- _Records for processing_
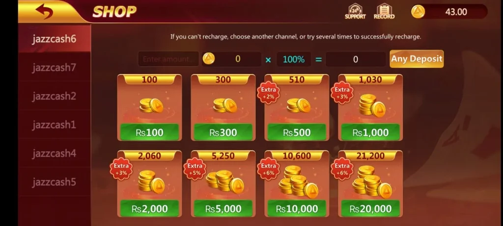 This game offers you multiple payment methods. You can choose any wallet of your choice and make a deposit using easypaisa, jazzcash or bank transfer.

==

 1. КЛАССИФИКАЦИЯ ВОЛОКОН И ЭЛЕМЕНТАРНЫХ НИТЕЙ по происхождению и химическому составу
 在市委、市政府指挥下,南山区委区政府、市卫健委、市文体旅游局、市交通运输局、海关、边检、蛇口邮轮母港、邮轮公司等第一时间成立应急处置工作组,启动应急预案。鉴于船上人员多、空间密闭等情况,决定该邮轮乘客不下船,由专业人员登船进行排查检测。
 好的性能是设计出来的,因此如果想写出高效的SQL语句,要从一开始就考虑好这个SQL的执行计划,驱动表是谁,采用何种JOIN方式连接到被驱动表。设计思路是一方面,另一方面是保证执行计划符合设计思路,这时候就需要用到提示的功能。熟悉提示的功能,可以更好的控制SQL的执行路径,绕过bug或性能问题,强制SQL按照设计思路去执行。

- _Work required_
Scan the listing above for the line that has "1. КЛАССИФИКАЦИЯ ВОЛОКОН", then copy exactly from that line through the line that has "好的性能是设计出来的,因此如".

- _Solution to the exercise_
 1. КЛАССИФИКАЦИЯ ВОЛОКОН И ЭЛЕМЕНТАРНЫХ НИТЕЙ по происхождению и химическому составу
 在市委、市政府指挥下,南山区委区政府、市卫健委、市文体旅游局、市交通运输局、海关、边检、蛇口邮轮母港、邮轮公司等第一时间成立应急处置工作组,启动应急预案。鉴于船上人员多、空间密闭等情况,决定该邮轮乘客不下船,由专业人员登船进行排查检测。
 好的性能是设计出来的,因此如果想写出高效的SQL语句,要从一开始就考虑好这个SQL的执行计划,驱动表是谁,采用何种JOIN方式连接到被驱动表。设计思路是一方面,另一方面是保证执行计划符合设计思路,这时候就需要用到提示的功能。熟悉提示的功能,可以更好的控制SQL的执行路径,绕过bug或性能问题,强制SQL按照设计思路去执行。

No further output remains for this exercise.